1 /*************************************************************************2 > File:main.cpp3 > Author:you siki4 > Mail: [email protected]5 > time:2016 December 23 Friday 15:14 18 seconds6  ************************************************************************/7 8#include <bits/stdc++.h>9 Ten //using namespace std; One  A Const intMAXN =2000005; -  - /*Automaton*/ the  - intLast =1; - intTail =2; - intFAIL[MAXN]; + intSTEP[MAXN]; - intFLAG[MAXN]; + intnext[maxn][ -]; A  atInlinevoidBuildautomaton (Char*s) - { -      while(*s) -     { -         intp =Last ; -         intt = tail++; in         intc = *s++-'a'; -  toFLAG[T] =true; +STEP[T] = Step[p] +1; -  the          while(P &&!)Next[p][c]) *Next[p][c] = t, p=Fail[p]; $ Panax Notoginseng         if(P) -         { the             intQ =Next[p][c]; +             if(Step[q] = = Step[p] +1) AFAIL[T] =Q; the             Else +             { -                 intK = tail++; $FAIL[K] =Fail[q]; $FAIL[Q] = fail[t] =K; -STEP[K] = Step[p] +1; -                  for(inti =0; I < -; ++i) theNext[k][i] =Next[q][i]; -                  while(P && next[p][c] = =q)WuyiNext[p][c] = k, p =Fail[p]; the             } -         } Wu         Else -FAIL[T] =1; AboutLast =T; $     } - } -  - intQUE[MAXN]; A intCNT[MAXN]; + intANS[MAXN]; the  -InlineintSolveandprintanswer (Char*s) $ { the     intHD =0, TL =0, n =strlen (s); the  the      for(inti =1; i < tail; ++i) the++Cnt[fail[i]]; -  in      for(inti =1; i < tail; ++i) the         if(!cnt[i]) que[tl++] =i; the  About      while(HD! =TL) the     { the         intt = que[hd++]; theFLAG[FAIL[T]] + =Flag[t]; +         if(--cnt[fail[t]] = =0) -que[tl++] =Fail[t]; the     }Bayi  the      for(inti =1; i < tail; ++i) the         if(Ans[step[i]) <Flag[i]) -Ans[step[i]] =Flag[i]; -  the      for(inti = n; I --i) the         if(Ans[i] < Ans[i +1]) theAns[i] = ans[i +1]; the  -      for(inti =1; I <= N; ++i) theprintf"%d\n", Ans[i]); the } the 94 /*MAIN FUNC*/ the  the CharSTR[MAXN]; the 98Signed Main (void)  About { -scanf"%s", str);101 Buildautomaton (str);102 solveandprintanswer (str);103}

@Author: Yousiki

Hihocoder suffix Automaton three • Repeat Melody 6

Contact Us

The content source of this page is from Internet, which doesn't represent Alibaba Cloud's opinion; products and services mentioned on that page don't have any relationship with Alibaba Cloud. If the content of the page makes you feel confusing, please write us an email, we will handle the problem within 5 days after receiving your email.

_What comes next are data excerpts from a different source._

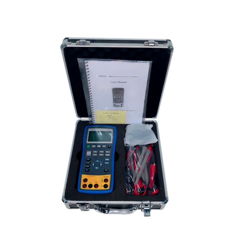 Overview: HSIN926 multi-function process calibrator is a high-precision handheld signal measurement/output instrument, which can simultaneously measure and output various industrial process signals such as voltage, current, resistance, frequency, thermocouple, thermal resistance, etc. Smart pressure modules can be used to calibrate pressure transmitters in the field. It can replace current signal source, voltage signal source, resistance box, electronic potentiometer, frequency meter and other measurement and calibration instruments. Mainly used in industrial field signal calibration and fault diagnosis; also suitable for signal measurement and calibration in chemical industry, military industry and various research institutes and laboratories.
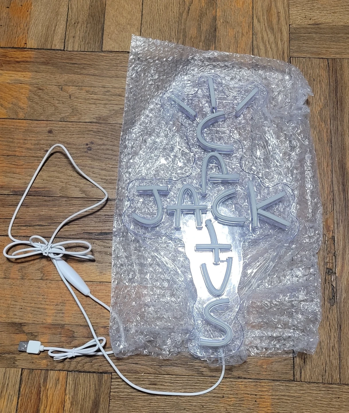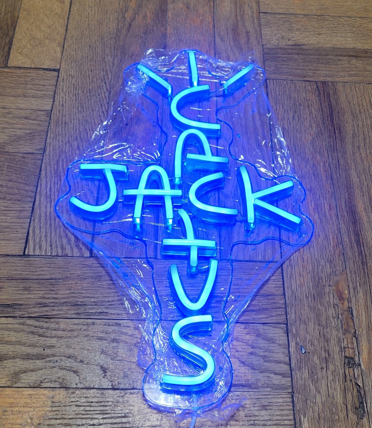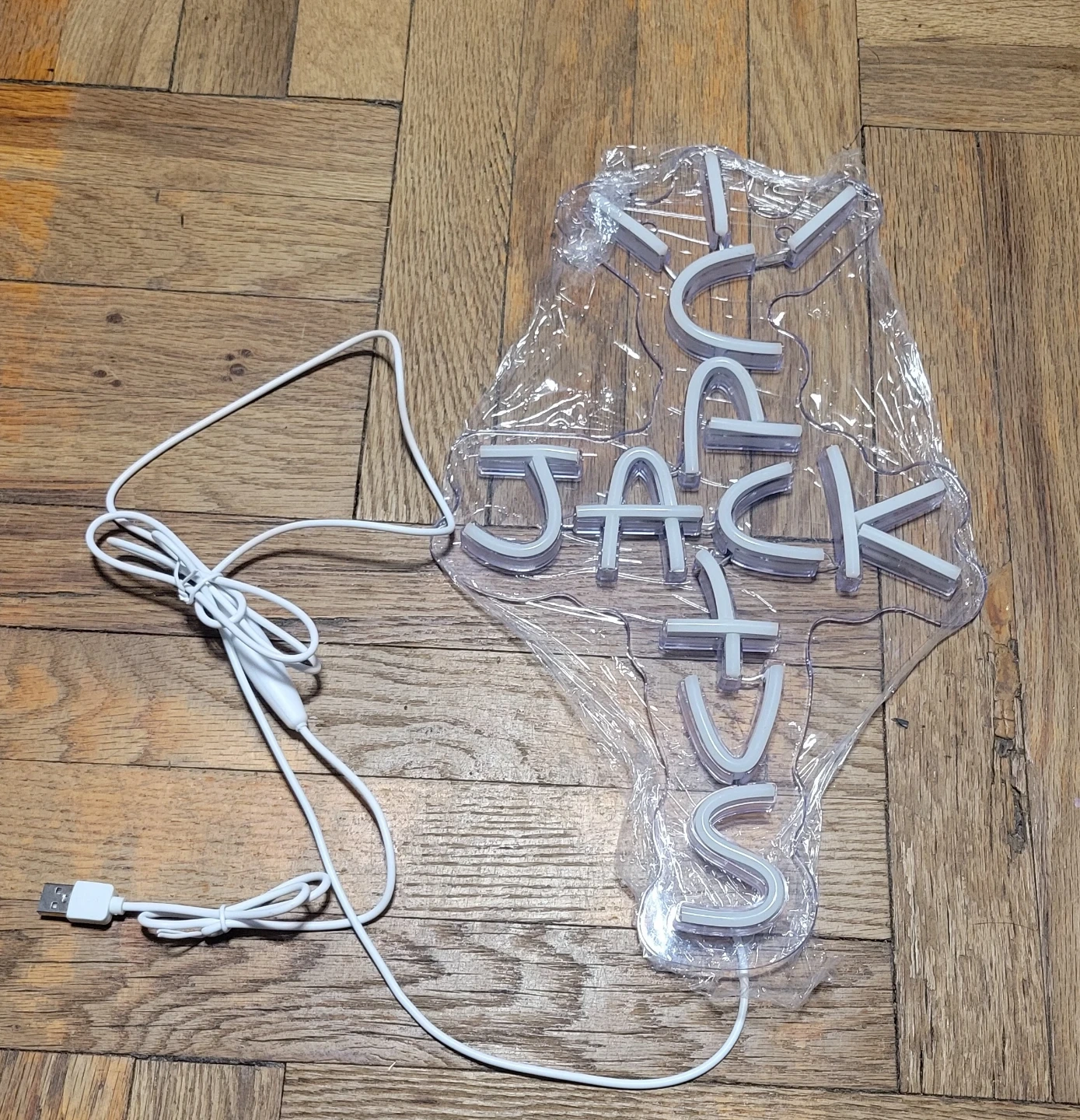 This is a USB-powered LED neon sign that spells out 'Cactus Jack'. It's designed for easy use with a simple USB connection. The sign emits a bright blue light when powered on.
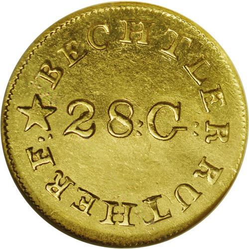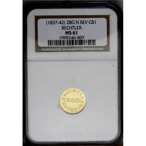 <B>(1837-42)<G$1> C.Bechtler Dollar, N Reversed MS61 NGC.</B></I> K-4, R.4. A Mint State example of this popular Bechtler type. The N in ONE is reversed and sharply repunched, which immediately identifies the variety. The fields are unusually clean, and are slightly sunken beneath 28 G and the E in ONE. Listed on page 345 of the 2006 <I>Guide Book.</B></I> Census: 11 in 61, 6 finer (2/06).
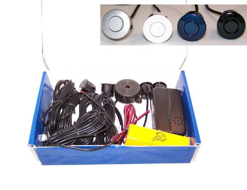 Specifications: 1.Measuring the distance by radar 2.Alarm by three step Bi-Bi sound 3.2-8 sensors are available 4.Full-weather design, un-affected by wind, ice, snow & rain 5.Some other kinds of sensor colors and styles can be fitted. 6.High quality and easy to install Technical parameters: * Rated voltage: 12V DC * Operating range: 10.5V – 16V DC * Rated current: 50mA – 180mA * Detecting distance: 0.3 – 1.5m * Ultrasonic frequency: 40KHz * Working temperature: -30 to +70 deg. C Kit includes: Main box Four sensors and sensor spacers. Buzzer with about 2 meters cable power cable with about 60cm cable 21mm Hole Saw for drill hole on plastic bumper 3M double side sticker for stick the main box on vehicle User’s manual and installation guide

If you find any instances of plagiarism from the community, please send an email to: info-contact@alibabacloud.com and provide relevant evidence. A staff member will contact you within 5 working days.

A Free Trial That Lets You Build Big!

Start building with 50+ products and up to 12 months usage for Elastic Compute Service

  • Sales Support

    1 on 1 presale consultation

  • After-Sales Support

    24/7 Technical Support 6 Free Tickets per Quarter Faster Response

  • Alibaba Cloud offers highly flexible support services tailored to meet your exact needs.